Objective: To investigate a putative role of TSPYL1 in male idiopathic infertility. Design: Clinical article. Setting: University hospital. Patient(s): A total of 104 infertile men were selected with idiopathic nonobstructive azoospermia, cryptozoospermia, oligozoospermia, oligonecrozoospermia, and oligoasthenoteratozoospermia (OAT) syndrome, along with a control group of 106 men with proven paternity. Intervention(s): Mutation screening of the coding region and parts of the 5′ and 3′ untranslated regions of the TSPYL1 gene was performed by polymerase chain reaction and sequencing. Main Outcome Measure(s): Occurrence of TSPYL1 single-nucleotide polymorphisms (SNPs) and mutations.
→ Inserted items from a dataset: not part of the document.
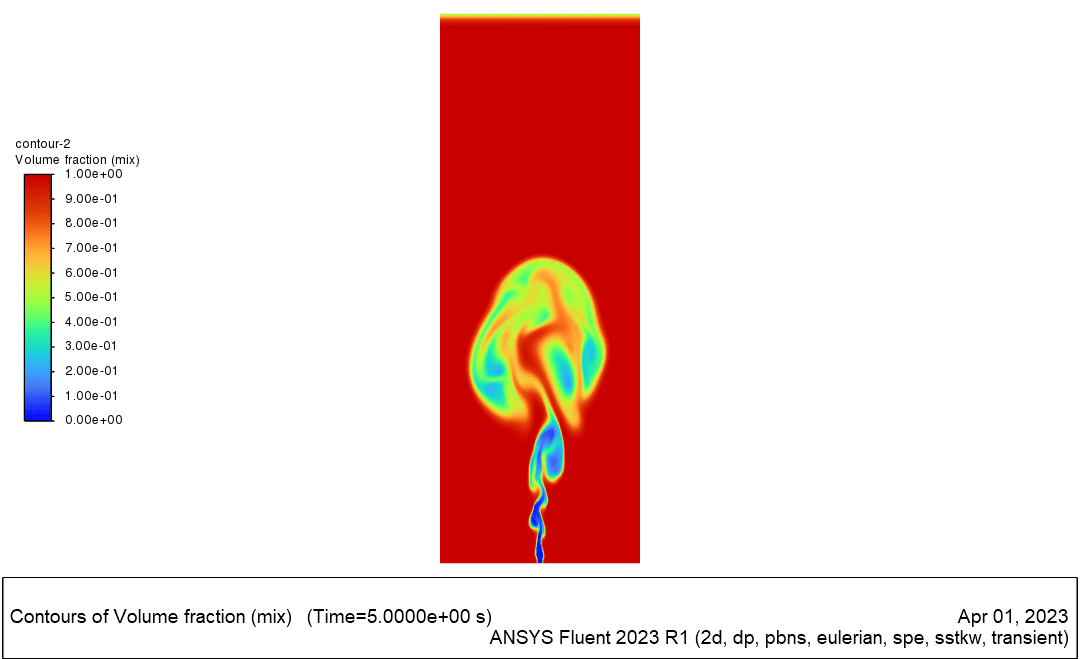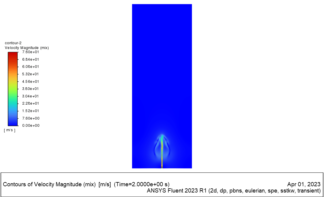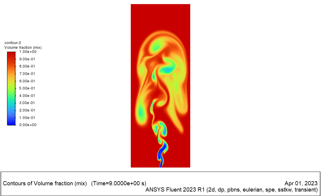 CO2 was injected from the bottom boundary, simulating seabed seepage or injection. The simulation was run for 9 seconds, with results analyzed at 2, 5, and 9 seconds to observe the plume’s evolution.
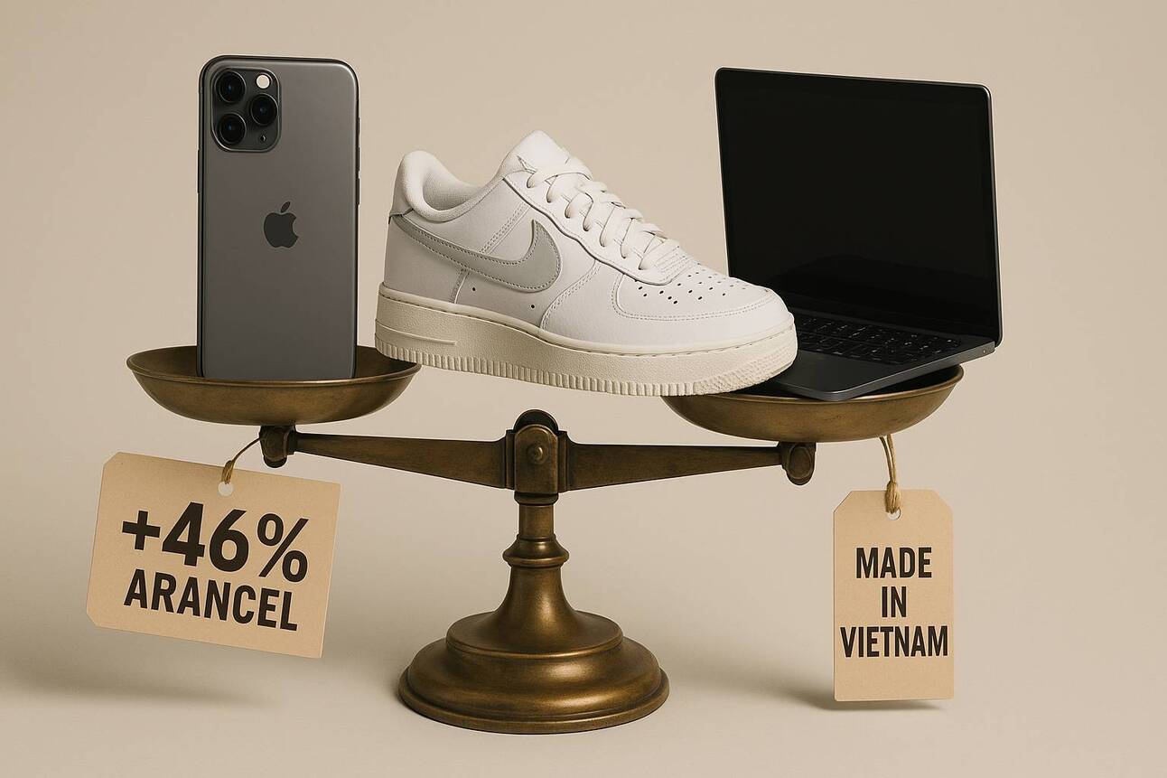 Zoom in: Nike se la lleva particularmente mal. Su caída es del 14.4% y el porqué es simple: la mitad de su calzado y el 28% de su ropa viene de Vietnam, el país que acaba de ser castigado con 46% de aranceles.
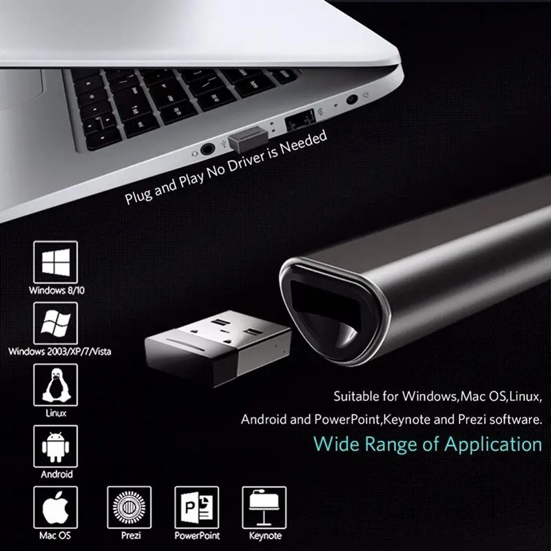 5. Демонстрационный указатель имеет низкую индикацию мощности; Интегрированный дизайн, мини-usb-приемник хранится в хвосте беспроводного передатчика, фиксируется на месте через магнитную систему.
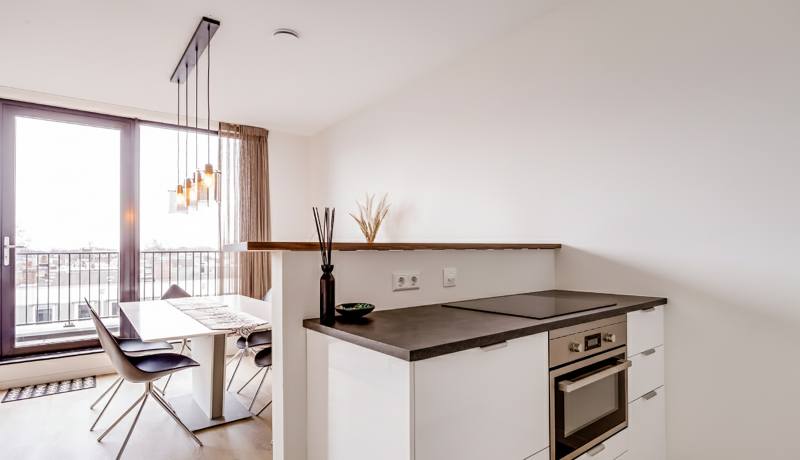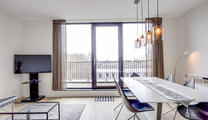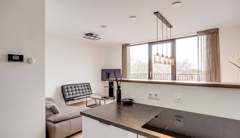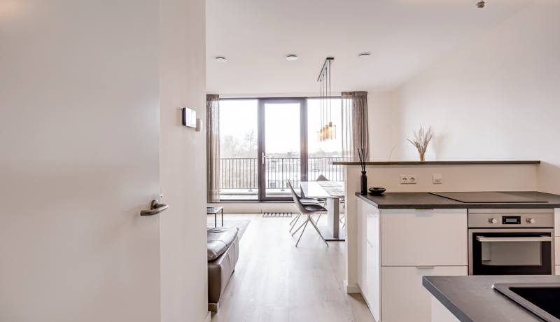 Aan de linkerzijde ligt het leefgedeelte van het appartement. De royale woonkamer vormt hier het hart van de woning en staat in open verbinding met de moderne keuken en het eetgedeelte. Dankzij de grote raampartijen is het hier heerlijk licht en heb je een fijne connectie met buiten. Vanuit de woonkamer stap je direct het balkon van ca. 8,3 m² op, een heerlijke plek voor je ochtendkoffie of een borrel aan het eind van de dag.
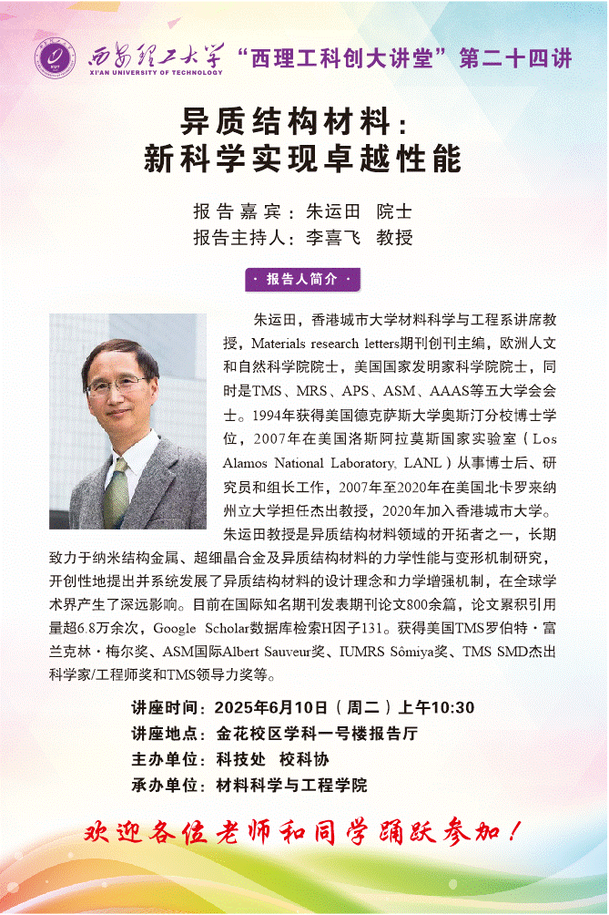 【淬砺成材】香港城市大学朱运田院士学术报告通知
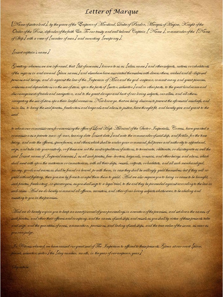 [Insert captain’s name] Greeting: whereas we are informed, that [list of enemies] known to us as [alias name] and other subjects, natives or inhabitants of the regions in and around [place names] and elsewhere have associated themselves with divers others, wicked and ill-disposed persons and beings, and do against the law of the Imperium of Man and the god-emperor, commit many and great piracies, robberies and depredations on the sea of stars, upon the parts of [sector, subsector] and in other parts, to the great hindrance and discouragement of trade and navigation, and to the great danger and hurt of our loving subjects, our allies, and all others, navigating the sea of stars upon their lawful occasions. Now know ye, that we being desirous to prevent the aforesaid mischiefs, and as in lies, to bring the said pirates, freebooters and brigands and aliens to justice, have thought fit, and hereby give and grant to the said [Insert captain’s name] to whom our commissioners for exercising the office of Lord High Admiral of the Sector Imperialis, Corvus, have granted a commission as a private man-of-war, bearing date [insert date] and unto the commander of said ship, and flotilla, for the time being, and unto the officers, space farers, and others which shall be under your command, full power and authority to apprehend, seize, and take into your custody, or if these are not the most expeditious of actions, to terminate, obliterate, or disintegrate as well the said [insert names of Imperial enemies], as all such pirates, freebooterz, brigands, corsairs, and other beings and aliens, which shall meet with upon the materium or immaterium, with all their ships, vessels, outposts, or habitats, and all such merchandized, money, goods and wares as shall be found on board, or with them, in case they shall be willingly yield themselves; but if they will no yield without fighting, then you are by force to compel them to yield. And we also require you to bring or cause to be brought, such pirates, freebooterz , or space voyagers, as you shall seize to a legal trial, to the end they be proceeded against according to the law in such cases. And we do hereby command all officers, ministers, and other of our loving subjects whatsoever, to be abiding and assisting to you in the premises.
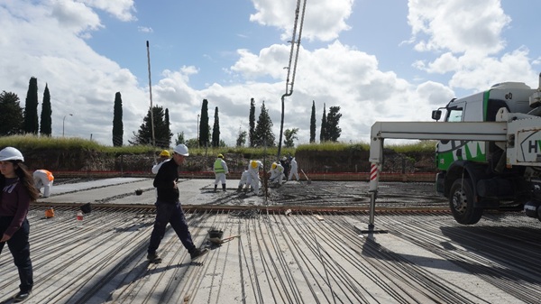 Esta semana se inició el hormigonado de la base de la cisterna de 30 millones de litros ubicada en el predio de Planta Patagonia. En ese mismo lugar, también se montará una nueva estación de bombeo y es punto de inicio del tendido de un acueducto de 8200 metros hacia Bosque Alto.
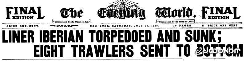 За гибелью «Iberian» внимательно следили не только немецкие подводники, но и его экипаж, с тоской провожая глазами тонущее судно. Оказавшись на берегу в Ирландии, они не стали молчать. В газетах Британии и США их рассказы были напечатаны под аршинными заголовками. Ни в одной из газет нет упоминаний о подводном взрыве и тем более о морском чудовище, вылетевшем из-под воды.
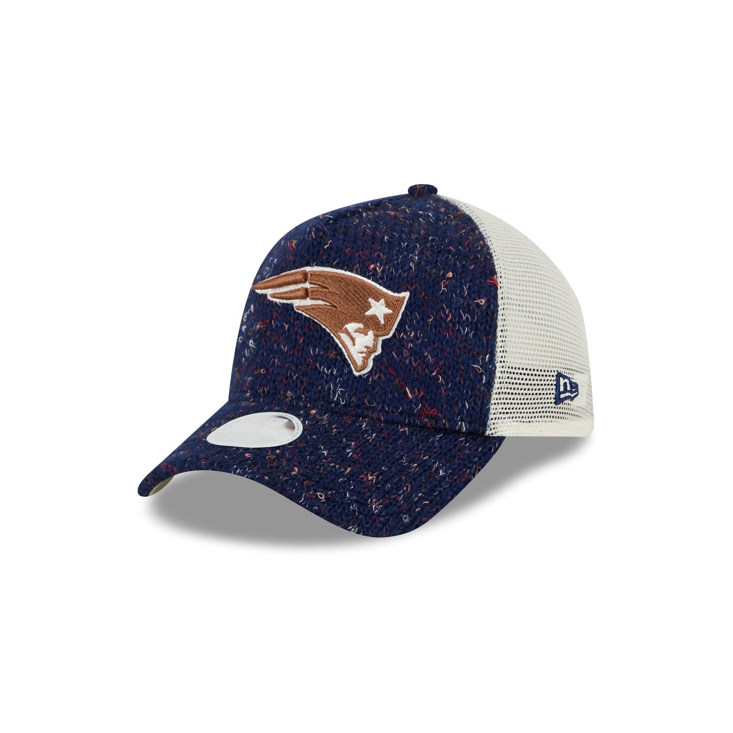 The New England Patriots Knit Women's 9FORTY A-Frame Trucker features an embroidered Patriots logo at the front knit panels. Additional details include a snapback closure at a mesh rear and white undervisor.
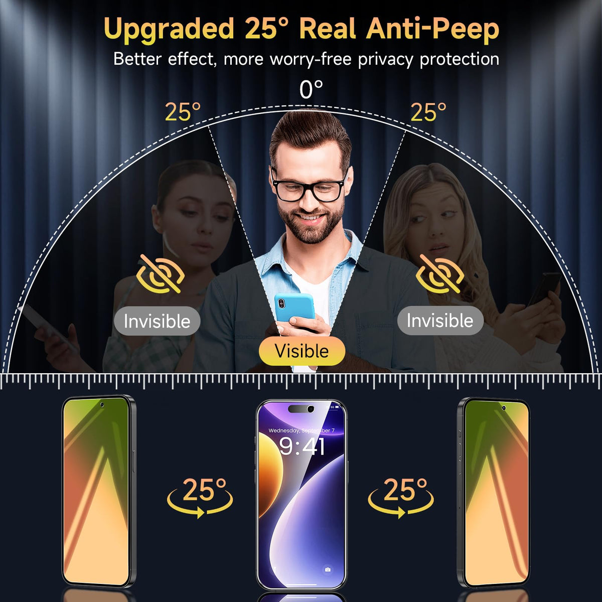 Q: How does the privacy feature work on the sorlnern screen protector?A: The privacy feature blocks side views, ensuring that only the person directly in front of the screen can see the content, which enhances security and privacy.
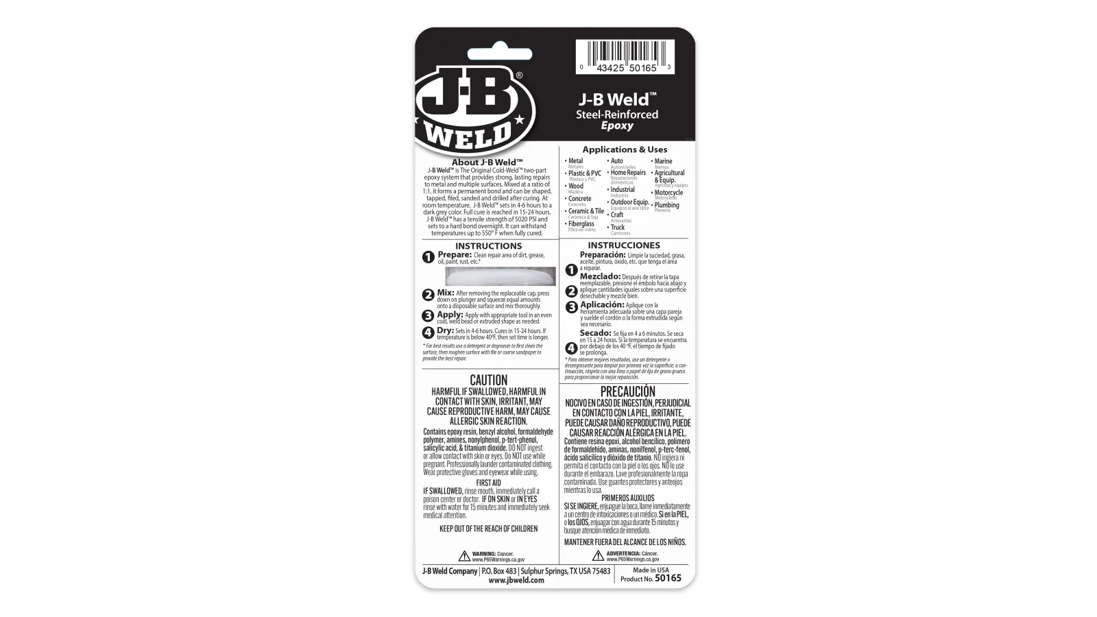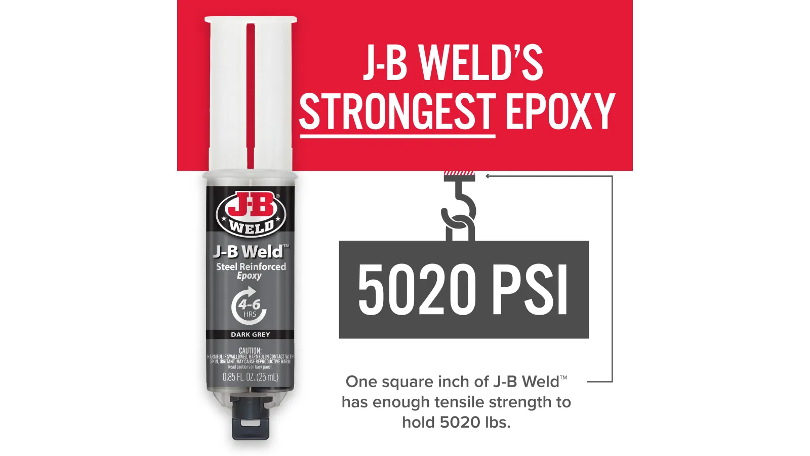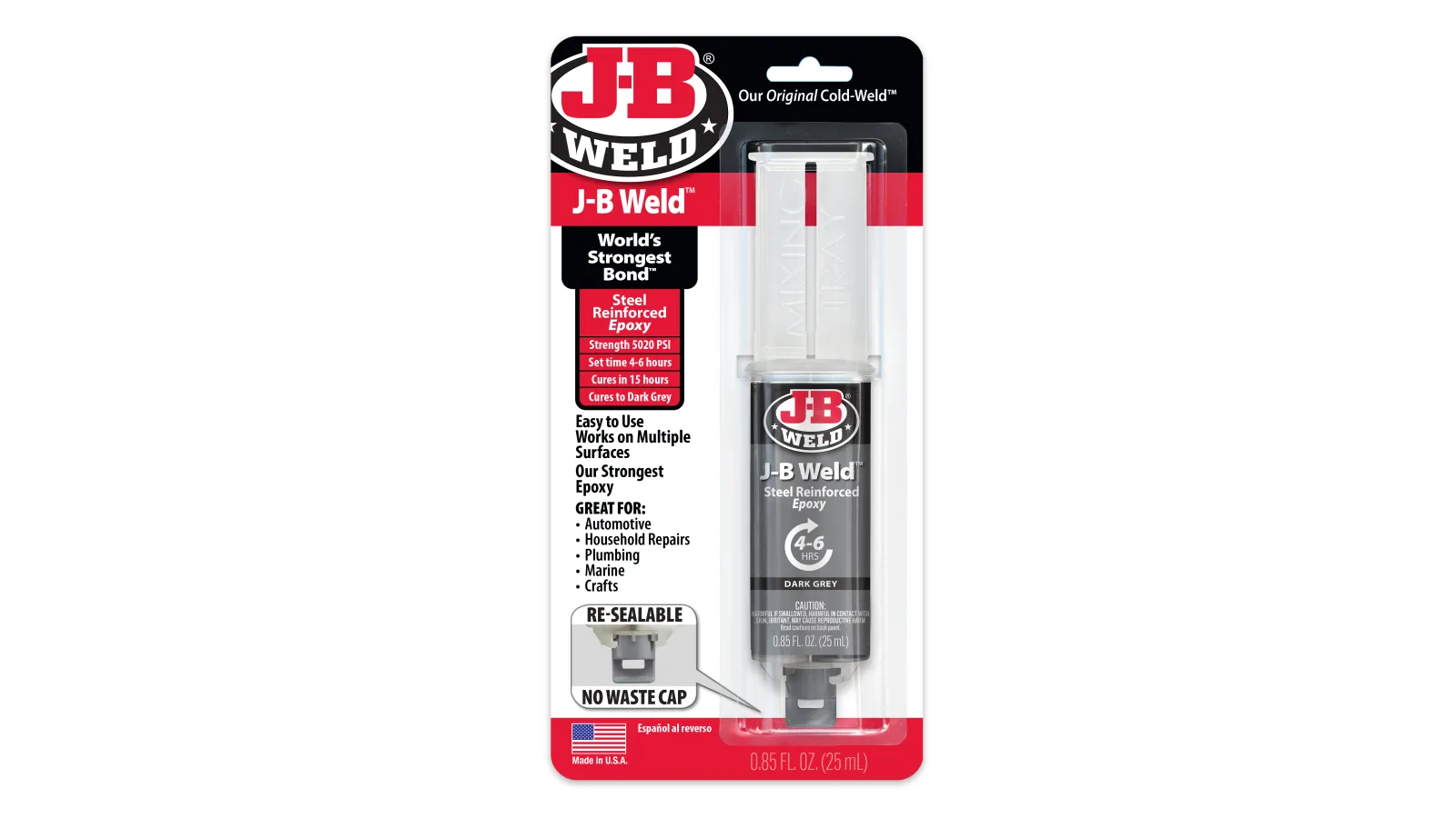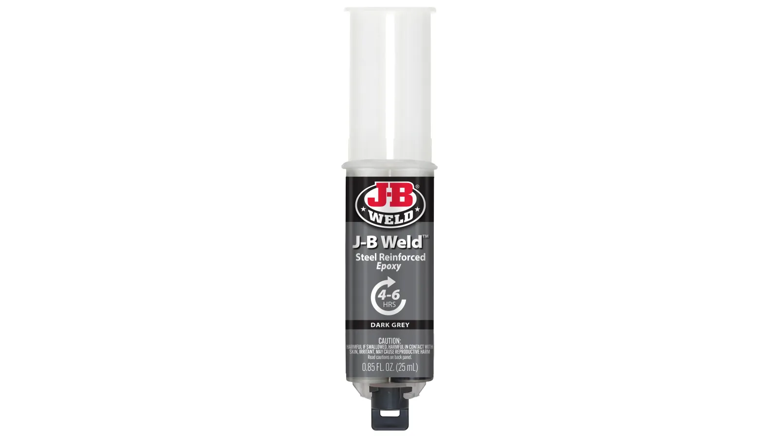 J-B Weld™ Syringe is the original cold-weld™ two-part epoxy system that provides strong, lasting repairs to metal and multiple surfaces. Mixed at a ratio of 1:1, it forms a permanent bond and can be shaped, tapped, filed, sanded and drilled after curing. At room temperature, J-B Weld™ sets in 4-6 hours to a dark grey color. Full cure is reached in 15-24 hours. J-B Weld™ has a tensile strength of 5020 PSI and sets to a hard bond overnight. It can withstand temperatures up to 550⁰ when fully cured.
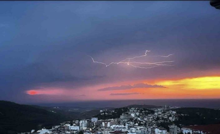 Hatay’da gün batımında İskenderun Körfezi üzerinde çakan şimşekler adeta görsel şölen oluşturdu. İskenderun Körfezi’nde akşam şimşeklerle gelen sağanak yağmur havayı serinletirken, Körfez’de yağmur etkili oldu. Gün batımında etkisini arttıran şimşekler körfezde görsel bir şölen oluşturdu. Şimşekler gece boyunca etkili olurken sağanak yağmur da aralıklarla sürdü.
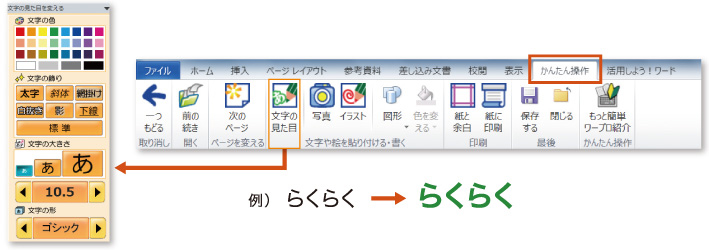 Microsoft® Word 2010の操作をわかりやすくする「かんたん操作」タブで、初めての方でもかんたんに使いこなせます。

Result(s): In these cohorts, eight known TSPYL1 SNPs were identified, none of which was significantly associated with male infertility. Two potentially disease-causing variants were detected in the infertile cohort: one man with azoospermia was found to be heterozygous for the novel TSPYL1 variant c.419C>G (p.Ser140Cys), and the rare substitution c.1098C>A (p.Phe366Leu) was identified in a man with OAT syndrome in the heterozygous state. Additionally, one fertile man was found to be heterozygous for the rare variant c.487G>A (p.Val163Ile). In silico analyses predicted a nonpathogenic effect for all amino acid exchanges, although protein features might be affected by p.Ser140Cys and p.Phe366Leu, respectively. Conclusion(s): Mutations in the TSPYL1 gene do not seem to play a major role in the pathogenesis of idiopathic male infertility, and mutation screening of the TSPYL1 gene can currently not be recommended in routine diagnostics of idiopathic male infertility.